Working on your elevator pitch
The elevator pitch is a short, sharp summary of your business that can be effectively delivered between the floors of an elevator. Put it this way you have between floors one and four with your best prospect, alone and uninterrupted in a lift. What do you say that will make him or her want to buy your product or solution and make them want to buy now!

Unfortunately, many people miss the key purpose of the elevator statement: Effective ones are carefully created to be just the right amount of information so that the listener is bound to ask for more. You will know you are on the right track when you get a response that suggests that the listener has had a taste, liked what they heard and want to know more.  If most people just smile and change the subject, your elevator statement needs work.

Working on an elevator pitch may seem like a daunting task but it can be a great exercise in refining your key messages about your business. Here are some practical guidelines that can help the process.

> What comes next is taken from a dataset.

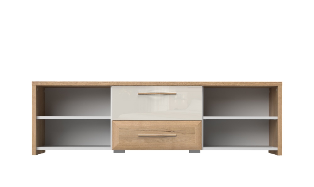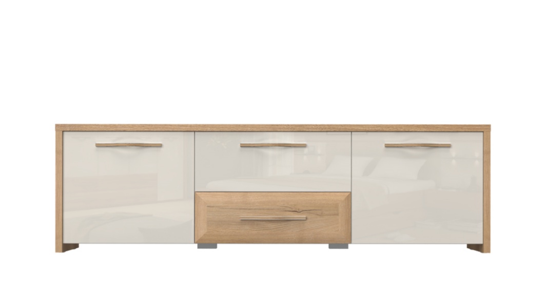 Comoda TV cu 2 usi si 2 sertare GALA 161x48x46cm bej lucios/ nuc Pacific
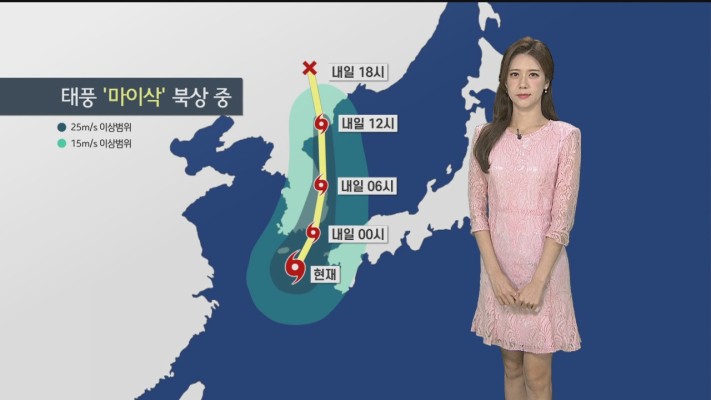 고은지 = 제9호 태풍 '마이삭'이 3일 새벽 1시께 거제와 부산 사이에 상륙할 전망입니다.

Put yourself in the client's shoes

For an elevator statement to be effective, it must be written from the client's perspective. It must deal with their problems and concerns. Ideally it paints a picture of their ideal future; a picture that includes you helping them reach their goals. This really is a case where it's not all about you.

Pull your office staff, and maybe even some marketing students at your local university (it is great experience for them too) together for a brain storming session. Get some butcher's paper with adhesive on the back (available at places like Officeworks) and some markers and get thinking.  Use sweets or chocolates as motivation and to make it a bit more fun. Remember that no idea is a bad idea and encourage people to think differently.

Once you get a page filled, pull it off and paste it to the wall. Move on to the next page. You might get three or four pages of reasons. Vote on the top three to five key words or phrases that describe what motivates your clients to work with you.

Identify your target market

No successful business can be all things to all people. It is especially important to identify your target audience before crafting your elevator statement because it helps the listener decide if they fit into your target group. Then, try to include your target market in your statement.

Phrase your statement putting benefits first

Remembering that this is about what you can do for your target market phrase your elevator pitch as a benefits first:

"I manage ABC Widgets. We provide ______________, ________________, and ________________, for ________________, so our customers can achieve xy and z."

Commit it to memory

Everyone in your firm needs to memorise your elevator statement. They are all ambassadors for your business and need to be able to have this statement come naturally when they meet a client or a prospect. You should never miss the opportunity for a cost free advertisement and not to mention a pitch for your company.

Test it out on your key stakeholders and your best clients

Let them tell you if it is compelling and motivates them to want to do business with you.

So now that you have your elevator pitch, it's time to get out their and test it. Good luck!